Monday, August 19, 2019

Walt Whitman controversy

Sarah Ruden, who has also done a good translation of Augustine’s Confessions has a piece up at National Review “Walt Whitman Isn’t America’s Greatest Poet”. It’s causing great consternation over there and, as near as I can tell, almost nowhere else in the known universe.

I’m not qualified to judge Whitman as a poet. I’m not qualified because I’ve never read much of the guy. I have a beautiful edition of Leaves of Grass on my shelves at home but, despite many attempts, I have never been able to read it. Not because it’s not good, possibly even great, poetry. The problem is that it fails to excite me. I just don’t care enough to keep reading.

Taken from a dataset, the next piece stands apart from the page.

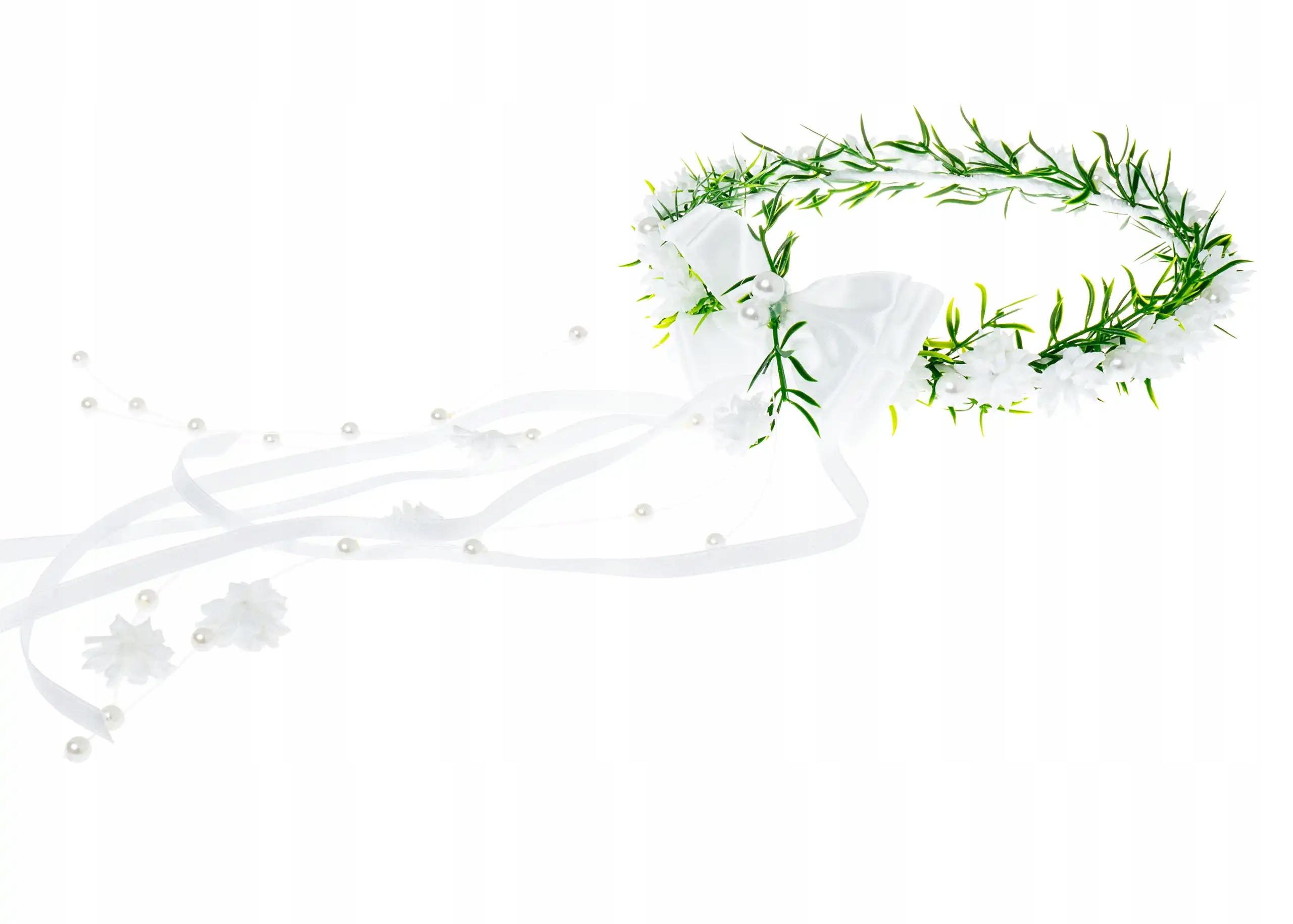 Wianek komunijny z sztucznych białych kwiatów perłami i długą białą wstążką

And there, I think, is where Ruden strikes home. If we take it that there is a difference between “America’s Greatest Poet” and the “Greatest Poet Who is an American” it becomes possible to say that, whether he is a great poet or not, there is nothing about Whitman that speaks to America.

I’ve made similar points about James Joyce. Joyce may be a great writer but he hasn’t touched anyone outside the academic world. He’s read outside the academic world but only as a duty. Compare Joyce with Proust and we see that, there too, we have a writer revered by the academic world and read out of duty outside it but with a crucial difference: there are readers who dutifully slog  through Proust only to get enraptured by him. I know of no one who reads Joyce or Whitman and has that experience.

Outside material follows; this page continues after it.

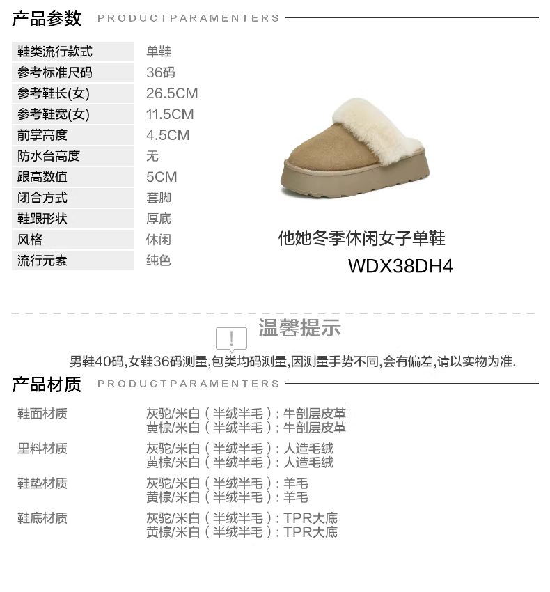 - Giày dép lót lông dày TATA dành cho nữ, giày lông ấm áp, giày đơn, ủng đi tuyết, giày cotton WDX38CH4
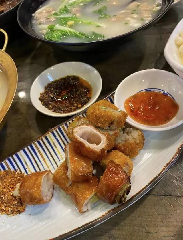 【游记肥肠】 游记肥肠市井川菜·第五代非物质文化遗产传承店游记肥肠也算的上是一家老店,据说肥肠汤是开国元帅到乐山都要打卡的美食。汤是单独加的高汤,肥肠要沾酱油吃才是绝配,酱油是小时候吃的那种黄豆酱油拌饭都好吃。

Instead, we have a writer who is read because he is “important” and continues to be affirmed as “important” because, damnit, he’s “important”. Most of the rejoinders at NR have that circular quality.

I have nothing against orthodoxy per se. I think there is a difference, however, between people who defend an orthodoxy because they love what we might call the content of that orthodoxy and people who defend it because it gives them a secure sense of identity to be aligned with an orthodoxy. I read Kevin Williamson’s rejoinder to Ruden, for example, and I find the usual good writing and sound argument I’ve come to expect from him. What is missing is any sense of genuine enthusiasm for Whitman.

Years ago, a Quebecois separatist whose name escapes me at the moment caused great outrage among defenders of PierreTrudeau by saying that Trudeau wasn’t an intellectual. When challenged, the separatist said, “Show me a time when Trudeau uses a quote that isn’t in Bartlett and I’ll concede. This stirred up even more outrage. As a teenager, what really struck me was that no one took up the challenge. For it should have been an easy matter, where Trudeau a genuine intellectual, to cite many examples of his having actually read the authors he cited in depth.

Similarly, if Whitman is America’s Greatest Poet, it should be possible to cite poetry that speaks to America. We haven’t seen that. All we have is a bunch of angry gesturing.